In 383 the Roman legions began to leave Britain to fight in Gaul (France) against the Barbarian tribes who were invading the Roman Empire. By 407 there were not enough Roman soldiers to defend the Britons from the Picts and Scots, fierce tribes from the North. The British chiefs asked Saxon soldiers to come from Germany to help them. The Saxons were strong and well trained, and they defeated the Picts and Scots, but, when afterwards, the Britons asked the Saxons to leave, they refused to do it and stayed.
After about one hundred and fifty years of fighting, the Britons had either been forced to Wales or had become slaves. The Saxons founded a lot of kingdoms: Kent, Essex, Wessex, Mercia, Northumbria. In 789 more than three hundred years after the Saxons had settled in Britain, the Vikings began to attack the British Isles. They came from Norway, Sweden and Denmark. The winters there were long and cold and soil was poor, so Britain was a rich prize for them. They made a big army. The Anglo-Saxon kingdoms couldn’t resist the Vikings, and soon only the kingdom of Wessex remained free of them – the King of Wessex was Alfred the Great.
King Alfred the Great was one of the first kings of England. He was a great and kind king. He did so much that was good for the people of England that people called him Alfred the Good. In the time of Alfred the Great not many men or women could read or write. Alfred could read and write well. He wanted his people to have schools where they could learn to read and write. While he was king, many people went to school for the first time their lives. Alfred was a brave man as well as a good one.
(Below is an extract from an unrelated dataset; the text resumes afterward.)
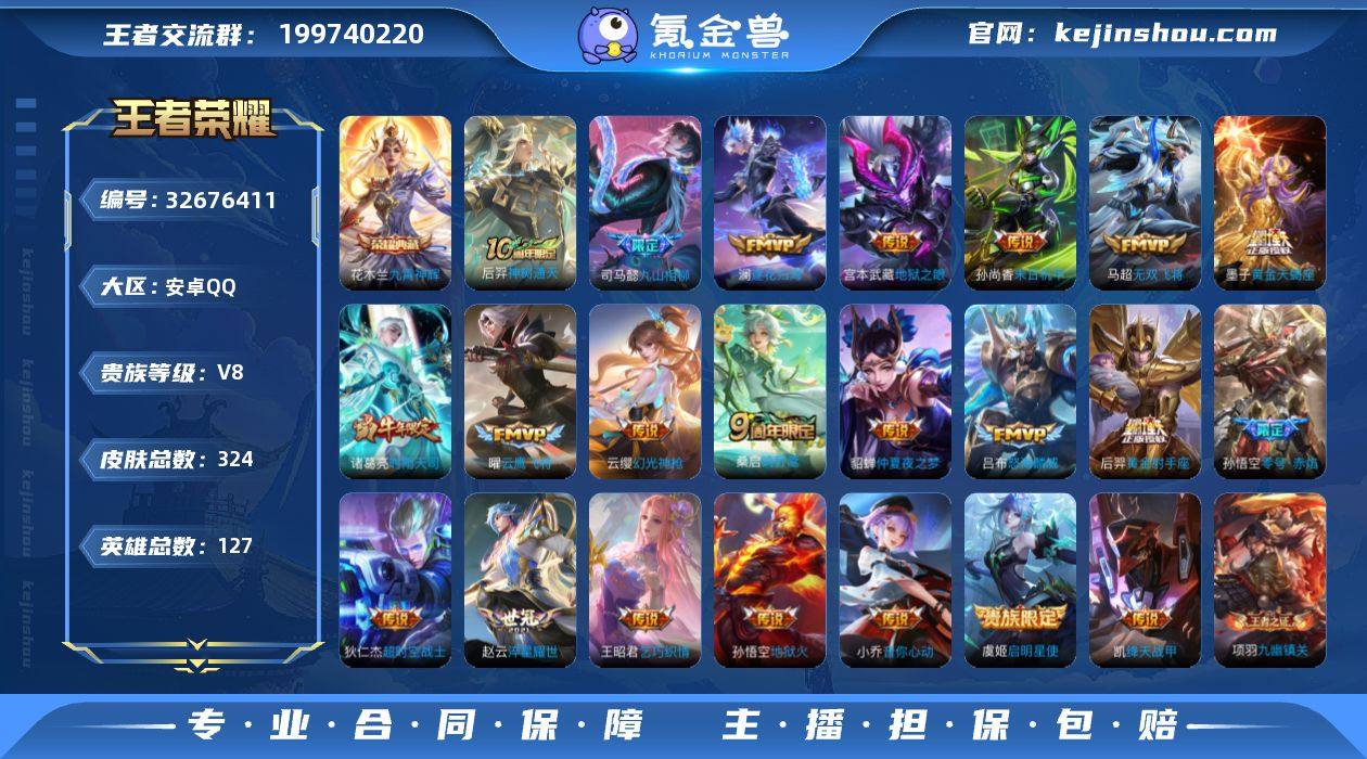 安卓Q-V8-最强王者段位-127英雄-324皮肤-1典藏皮肤-22传说-78史诗 【英雄全皮】:孙权全皮,影全皮,海诺全皮 【荣耀典藏】:花木兰九霄神辉 【传说皮肤】:后羿神树通天,司马懿九山相柳,云缨幻光神枪,桑启鸣野蒿,墨子黄金天蝎座,澜逐花归海,吕布怒海麟威,马超无双飞将,赵云淬星耀世,王昭君乞巧织情,小乔音你心动,诸葛亮时雨天司,铠绛天战甲,虞姬启明星使,孙悟空零号赤焰,曜云鹰飞将,后羿黄金射手座,貂蝉仲夏夜之梦,孙尚香末日机甲,宫本武藏地狱之眼,孙悟空地狱火,狄仁杰超时空战士 【限定皮肤】:暃埋骨钱,蒙犽顽岩魄,蔡文姬夏日便利店,大乔绒语心约,虞姬夏日便利店,姜子牙天穹之誓,杨戬破阵退雄兵,狄仁杰阴阳师,赵云皇家上将,赵云引擎之心,孙尚香蔷薇恋人,鲁班七号狮舞东方,钟无艳超时空战士,元歌云间偶戏,甄姬落雪兰心,典韦蓝屏警告,狄仁杰魔术师,狄仁杰万华元夜,达摩沙漠行僧,项羽海滩派对,老夫子醍醐杖,程咬金演武夺筹,兰陵王驯魔猎人,兰陵王金庭之子,孙悟空至尊宝,孙悟空大圣娶亲,孙悟空零号赤焰,孙悟空孙行者,李元芳云中旅人,虞姬启明星使,钟馗驱傩正仪,鬼谷子原初探秘者,诸葛亮时雨天司,苏烈千军破阵,百里玄...
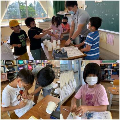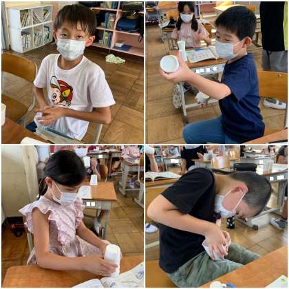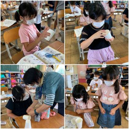 紙コップと輪ゴムを使って、コップが飛び出すように飛ぶおもちゃ、ぴょんコップを作りました。紙コップに穴を開けたり、竹ひごを切ったりと、細かい作業にも頑張って取り組みました。困っている子がいたら、助けてあげる姿も見られました。できあがったおもちゃをとってもうれしそうに飛ばして遊ぶ2年生のみなさんです。

While he was king, the Danes came in their boats to England and fought their way up the rivers. They wanted to live in England and make it their own country. Alfred and his people fought hard because they did not want to give up their country to the Danes. King Alfred and the Vikings made a treaty. They agreed that the Vikings would live in an area called the Danelaw, where they could follow their traditions and obey their law. So the Vikings settled in England and mixed with Anglo-Saxons. The process wasn’t very painful as these two nations were very much alike and had similar languages. But more and more Vikings were coming from the continent and by 1020 King Sweyn of Denmark become the first Danish King of England.